#### Information shown:
=======

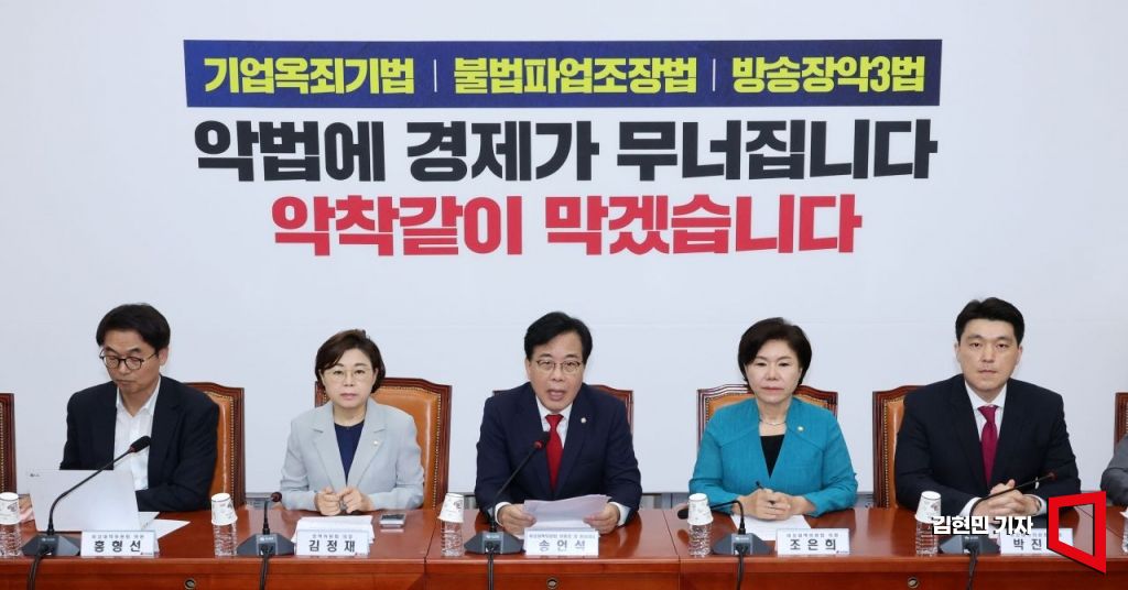 김정재 국민의힘 정책위의장은 "민주당이 5대 악법 가운데 어떤 법안을 먼저 처리할지 고민 중이라고 한다. 점심 메뉴 고민도 아니고 참으로 한심하다"고 비판했다. 김 의장은 "방송장악 3법, 노란불법봉투법, 더 센 상법 등 국민의 삶과 언론 자유, 미래 경제에 중대한 영향을 미칠 법안들을 자신들의 정치적 유불리에 따라 메뉴 고르듯 다룬다는 소식에 국민의 분노와 허탈감이 이루 말로 표현하기 어렵다"고 지적했다.
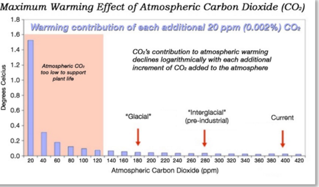 How high do you think those bars will be for CO2 levels of 800 and beyond? They are already over-represented for illustration. As CO2 in the atmosphere increases, the warming contribution approaches zero (though it will never reach zero).
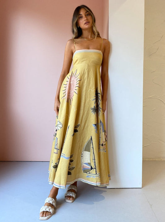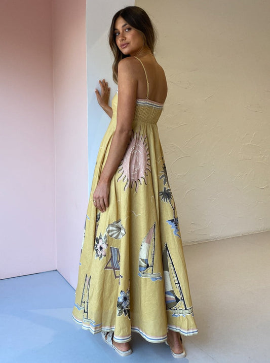 Crafted from a Linen fabrication in sunshine yellow, this sundress is designed to fit relaxed on the body for comfort and ease of wear. Featuring a square neckline and empire waist which falls into a free flowing full skirt that finishes at the ankles.
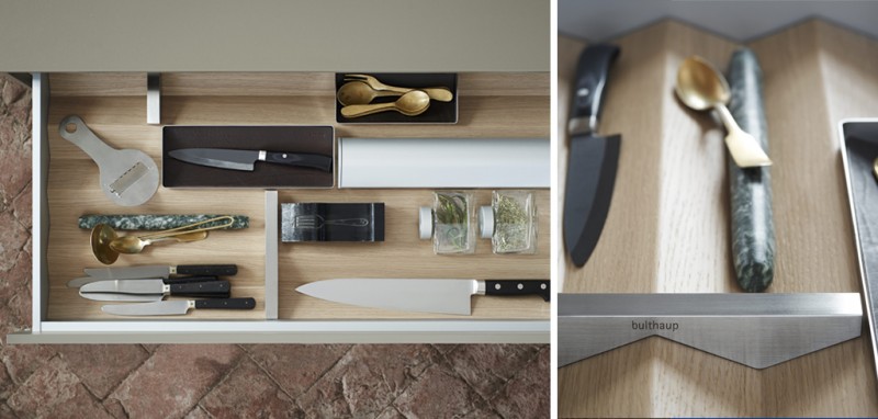 ▲檯面下的抽屉设计,bulthaup b3让每样厨房器具皆能一目瞭然、唾手可得,山形功能板设计,创造出有组织又整齐的储存空间
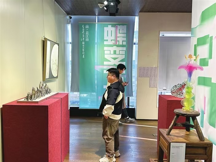 展覽分為“蝶美與共”“蝶舞共生”“蝶妙之門”“蝶變?nèi)f千”四個篇章,展現(xiàn)青年藝術(shù)家對江南文化的多元解讀。“本次展覽不僅是雕塑藝術(shù)的展示,更試圖構(gòu)建一個‘可生長的江南意象’。”吳笠安說。現(xiàn)場,青年藝術(shù)家們運(yùn)用金屬、玻璃鋼、樹脂等多元材料,以新穎的媒介與獨特的塑形語言,為理解江南、理解當(dāng)下提供嶄新的視覺注解。
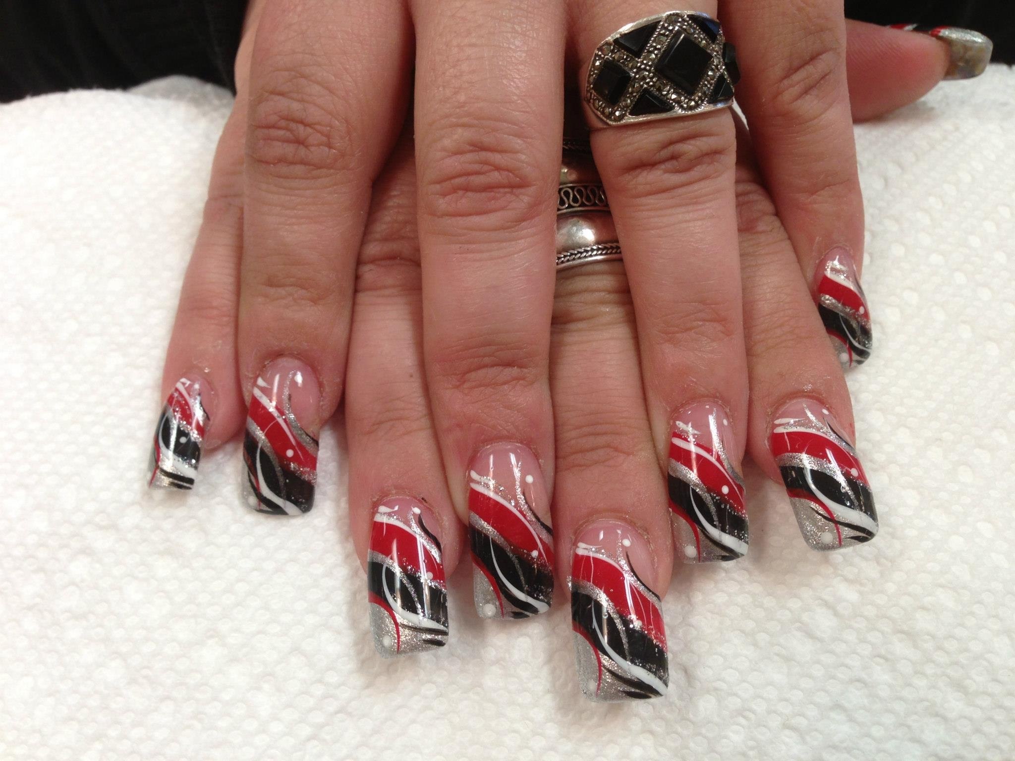 Черно красная абстракция на ногтях (44 фото)
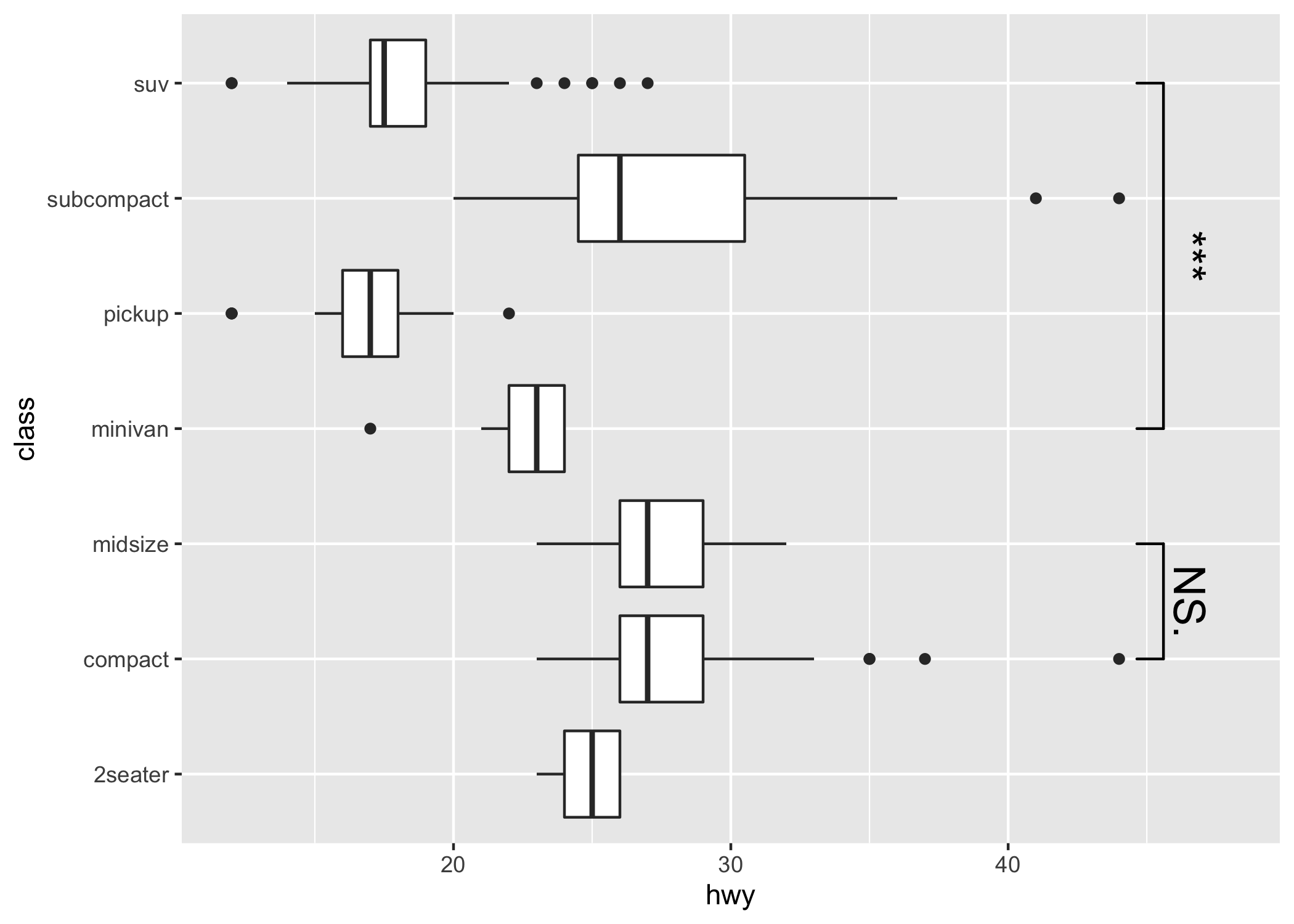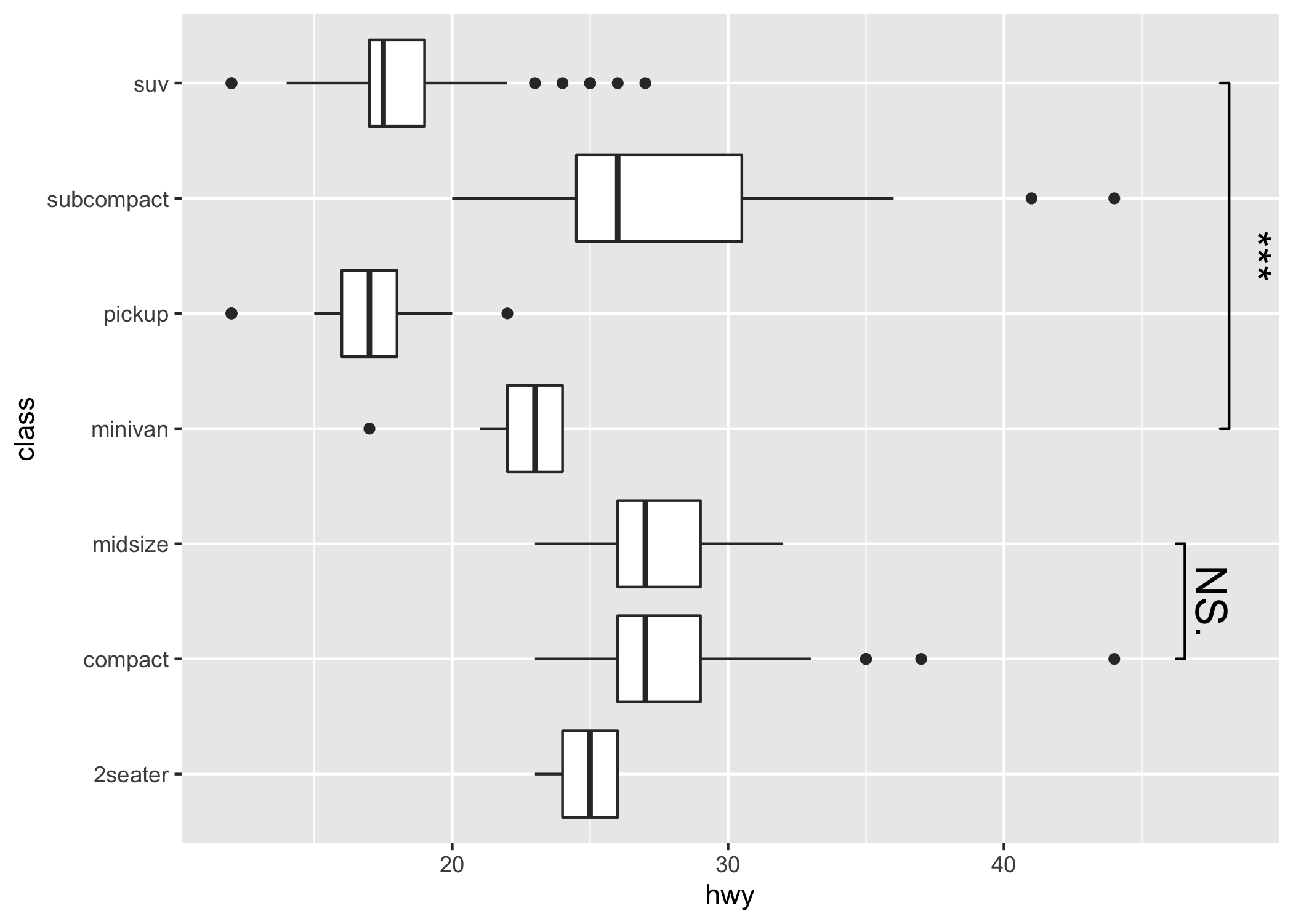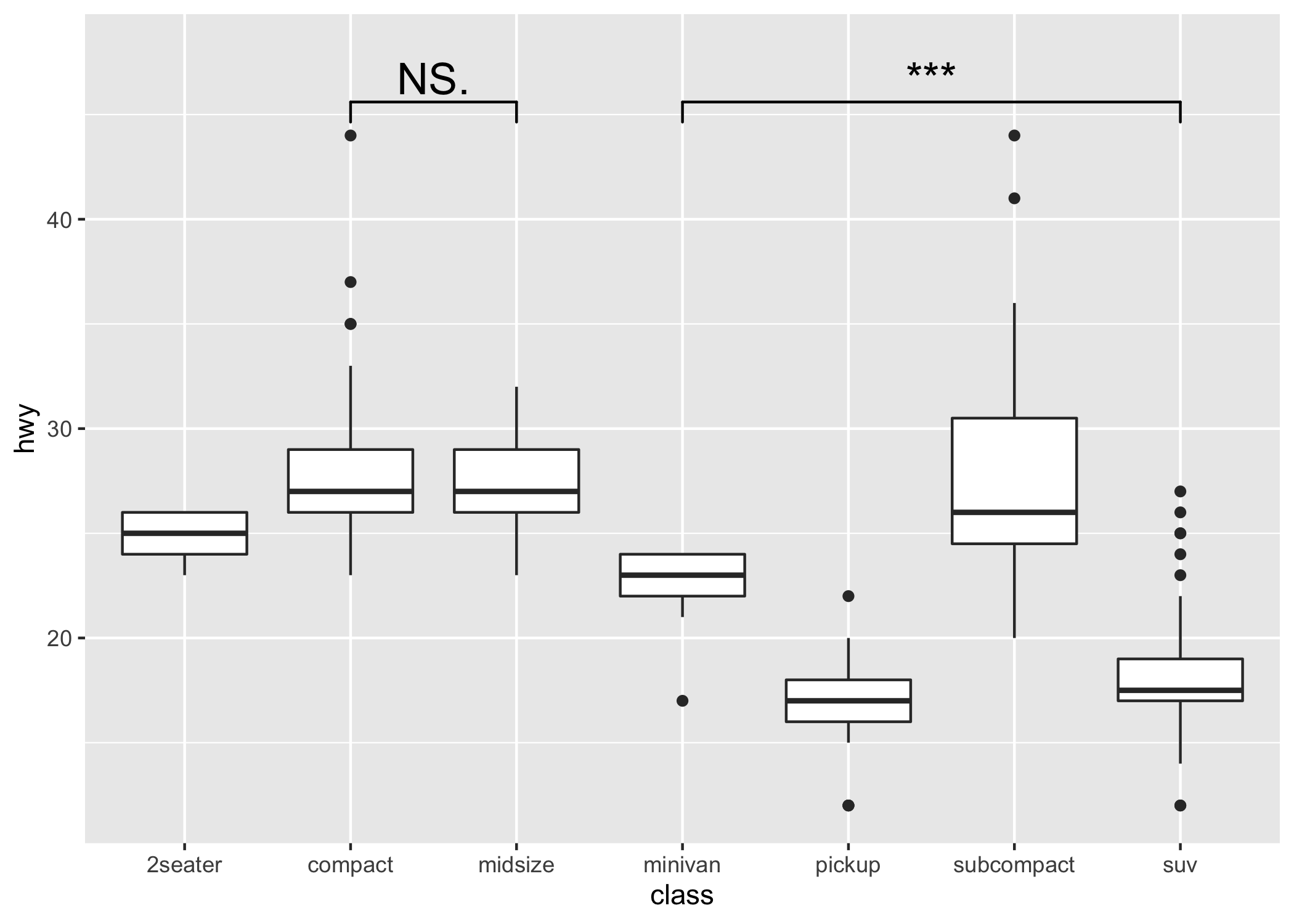 comparisons = list(c("compact", "midsize"), c("minivan", "suv")),
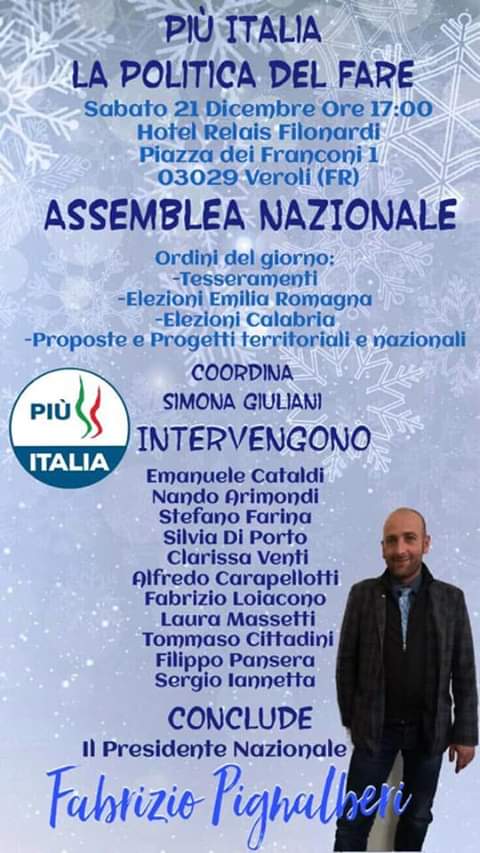 A Veroli (FR): si terra’ sabato 21 dicembre alle ore 17.00, l’Assemblea Nazionale del Movimento Piu’ Italia, il sodalizio politico presieduto da Fabrizio Pignalberi.

=======

#### Directions:
The answer is the lines above, word for word, from the first one through the one containing "How high do"; it includes no pictures.

#### Expected answer:
 김정재 국민의힘 정책위의장은 "민주당이 5대 악법 가운데 어떤 법안을 먼저 처리할지 고민 중이라고 한다. 점심 메뉴 고민도 아니고 참으로 한심하다"고 비판했다. 김 의장은 "방송장악 3법, 노란불법봉투법, 더 센 상법 등 국민의 삶과 언론 자유, 미래 경제에 중대한 영향을 미칠 법안들을 자신들의 정치적 유불리에 따라 메뉴 고르듯 다룬다는 소식에 국민의 분노와 허탈감이 이루 말로 표현하기 어렵다"고 지적했다.
 How high do you think those bars will be for CO2 levels of 800 and beyond? They are already over-represented for illustration. As CO2 in the atmosphere increases, the warming contribution approaches zero (though it will never reach zero).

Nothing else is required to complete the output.